Emily Kame Kngwarreye was one of Australia’s most significant contemporary artists. Her life story is absolutely fascinating. An indigenous woman, she grew up in a small, remote community named Utopia where she became an established Elder with a lead role in ceremonies. She was often using ceremonial sandpainting and painting on bodies, and later batik.
She was already over 80 years old when she started painting on canvas, but still produced over 3000 paintings in the 8 years to her death, which means in average at least one painting per day! Having started painting late in life myself, this is an incredibly inspiring story!
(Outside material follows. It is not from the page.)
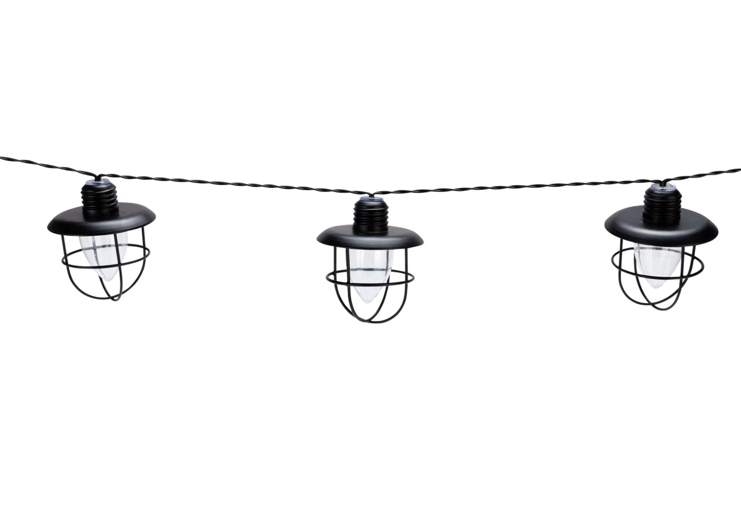 Light up the party with these striking industrial chic solar lights. They're so on trend. 10 tulip shaped bulbs are each encased in a vintage style cage. Festoon them in the foliage you're your outdoor furniture or string them along the garden fence. Get creative. Just make sure the solar panels can soak up the sun during the day, then they'll bathe your guests in a soft glow all evening. 100% environmentally friendly, no wiring required. With 7 hours of light out of a fully charged battery, you can party on into the night.

The shapes and the colours of Kngwarreyes paintings are all taken from the land surrounding her. In “Yam” for example, she builds up multiple layers of dots, each dot a seed from a plant, and each layer symbolic of ancestors.

Her painting “Earths Creation” from 1994, brought immediate international recognition and broke records at auction.
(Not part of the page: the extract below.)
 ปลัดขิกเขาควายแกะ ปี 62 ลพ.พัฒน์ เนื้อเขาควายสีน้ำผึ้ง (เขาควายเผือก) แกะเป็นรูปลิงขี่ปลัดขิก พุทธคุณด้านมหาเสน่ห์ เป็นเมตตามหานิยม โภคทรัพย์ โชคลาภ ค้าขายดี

(Images from: 2008. National Museum Australia. [Online]. [8 June 2020]. Available from: https://www.nma.gov.au/exhibitions/utopia/emily-kame-kngwarreye)
It is fascinating to see how an artist who had so little contact with the outside world and with art history, was exploring painting that could be compared to Pointillist or Impressionist works.
I think the impact of these paintings must be so much stronger if you can stand before them as they are really large in size. Emily was painting them with the canvases laying on the ground, and herself sitting on top of the pieces, like if she was a part of the canvas, just as she was a part of the story and of the surroundings. Because of this, they can also be seen from different directions and are hung differently in various exhibitions. I feel very attracted to this idea of painting directly while sitting on the canvas- something to explore.
The fascination of Kngwarreye’s paintings come from the strong sense of connection and love for the land that emanate from them. There is a clear feeling of how much respect and love lies behind the dedication of the dots and lines and choices of colours, reflecting the surrounding land. I believe that strong feeling of belonging, and of connection to nature, is something so many of us crave in our contemporary lives and that is why these paintings affect us so.
This importance of place and belonging is something I am exploring in my own work as well. My parallel project is centered around the stories of a house and a village that I have just moved to in the south of Portugal, and how my own story and the story of my family is intertwining with it now.
In this context, I will continue the research about other artists exploring belonging and home in separate blogposts.